Do it while you can. While you should never say you won't get the opportunity again, it will be more difficult when you have more responsibilities holding you back (wife, mortgage, etc.).
I'm also 26 and about to set off on a trip for about 4-5 months (maybe longer?) and I can't wait. My parents definitely don't like the idea at all but they are old fashioned and have barely been outside of the tiny little town I grew up in. They know I'm smart, independent and that there is nothing they could do to stop me. Even though they might not understand, you can tell them that you need to do this for yourself... when you do come back and settle down, you can look back at what you have done and be happy and proud of yourself for doing it - better than being settled down, and regretting not going when you had the chance. Good luck and I hope you have the best time of your life!!!
Thanks guys thanks for your replies! I think what makes it worse is that I just got back from Australia having being there for 2 years on a WHV but never had enough cash to go anywhere (I had lots of debt before I left for Aus). So I was, in their eyes, on holiday, for 2 years although in reality I had 5 weeks off in those 2 years. I learned alot about my self in that time but they don't seem to think that counts for anything. I happen to think that was the most important aspect of my time there but that's where we differ. As a consequence I still don't feel like I have been anywhere. I want to apply to work for STA Travel when I get back and have explained to them that I need to go away again to be able to do it so they feel a bit happier about it.

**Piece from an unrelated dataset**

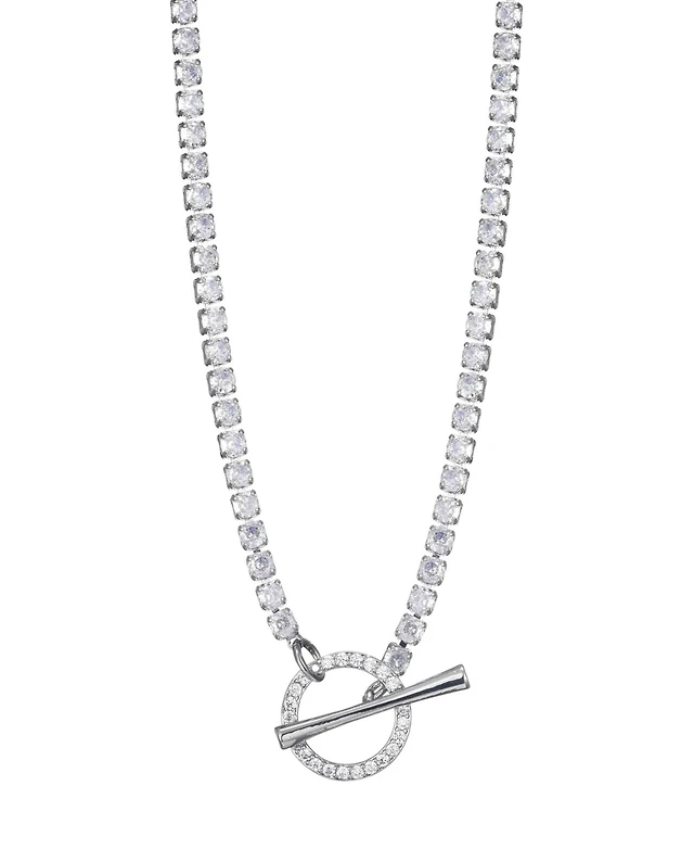 Adornia Silver Crystal Paper Clip Chain Lariat Necklace

They say they support my travelling but keep hammering me about mortages etc, I basically can't do anything right! Then I get told I am treating home like a hotel which is rubbish. I pay rent, tidy up after myself and am working non-stop to afford this (7 days a week!) I can see them trying to make me feel guilty when I do go away - my sister has 2 children and is 2 years younger than me and I think they want me to be more like that. I'm just not ready for that!
The most important thing is not to let your folks get you down! It can be dispiriting being told this and that, but so long as you're focused on your goal to travel, your folks will have to learn to understand that this is what you feel you must do. Keep on planning for your trip even as you try to talk them round to the idea that you're not wasting your time away - you're gonna be expanding your horizons and your folks should be glad for that - maybe tell them that you're doing this so that you'll have something to teach your future kids . Don't let them guilt-trip you into doing something you're unhappy with, you'll only end up being more miserable - I'm speaking from experience.